First Legends does NOT have USSDA for the boys.  Second, all of these teams have come from JUSA Signature along with their parent coaches. Good or bad that is fact.  So now we have a new twist on the "we are going to make it just as good as normal club but for 1/3 the cost" yet again.


----------



## sothpaw (Feb 21, 2017)

pulguita said:


> Yes let's clarify.  For the last decade the mentality of North Orange County has been "for players wanting the club experience at the (put in the blank) at an affordable price."  This has governed the major clubs in the area for years.  It is clubs being run by recreational organizations with rec mentalities.
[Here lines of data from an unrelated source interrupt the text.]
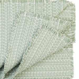 Add coastal decor style to your table with a 4-pack of rectangular placemats featuring a seafloor design. Crafted from 100% polyester, they blend seaside charm with everyday function. Perfect for casual dining or relaxed entertaining, these placemats are durable, easy to clean, and built to last. Fabrication is 100% polyester. Measures approximately 13 in x 19 in.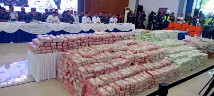 TERASBATAM.ID – TNI Angkatan Laut dan Badan Narkotika Nasional Republik Indonesia (BNN RI) memusnahkan lebih dari 2 ton narkotika, yang terdiri dari sabu dan kokain, di Markas Komando Lantamal IV Batam, Kepulauan Riau, pada Selasa (20/05/2025). Pemusnahan ini merupakan tindak lanjut dari operasi penangkapan penyelundupan narkotika terbesar dalam sejarah Indonesia.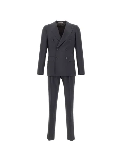 black lapel pin tonal buttons flap pockets buttoned cuffs back vents

This new program has been ripped right out of that mindset.
> 
> First Legends does NOT have USSDA for the boys.  Second, all of these teams have come from JUSA Signature along with their parent coaches. Good or bad that is fact.  So now we have a new twist on the "we are going to make it just as good as normal club but for 1/3 the cost" yet again.


Legends does have a USSDA for boys.  It was announced on January 27, 2017.  Secondly,  not all of the Tier 3 teams come from JUSA Signature.  The teams from JUSA Signature are coached by coaches who have a minimum E license and a number of them have higher licenses.  The teams coming from JUSA Signature were also offered to bring their teams to other clubs but chose Legends.  This post was to inform parents about tryouts.  I am unsure why there is so much negativity.  Either come to the tryouts or don't but let's not get lost in what the purpose of the thread is about.


----------



## SoccerFan4Life (Feb 21, 2017)

I dont have my kids at Legends. But I think that they are on to something.  

Most parents want their kids to have the club experience but not at $1,800 a year.  70% of the kids will only make it to Flight 3 because of skill or lack of focus.   Personally I always thought that club levels should have tiered pricing like this... $600 for Flight 3, $1,200 for Flight 2,  $1,700 for Flight 1

My kids dont qualify for this program but I would sign them up if I had the chance.


----------



## timbuck (Feb 21, 2017)

Sounds like a great program.  
What if you have kids that are flight 2 or 1 caliber, but prefer the lower price?
And what if this tier 3 team lights it up in Spring and summer and really belongs in a higher flight?


----------



## pulguita (Feb 21, 2017)

SoccerFan4Life said:


> I dont have my kids at Legends. But I think that they are on to something.
> 
> Most parents want their kids to have the club experience but not at $1,800 a year.  70% of the kids will only make it to Flight 3 because of skill or lack of focus.   Personally I always thought that club levels should have tiered pricing like this... $600 for Flight 3, $1,200 for Flight 2,  $1,700 for Flight 1
> 
> My kids dont qualify for this program but I would sign them up if I had the chance.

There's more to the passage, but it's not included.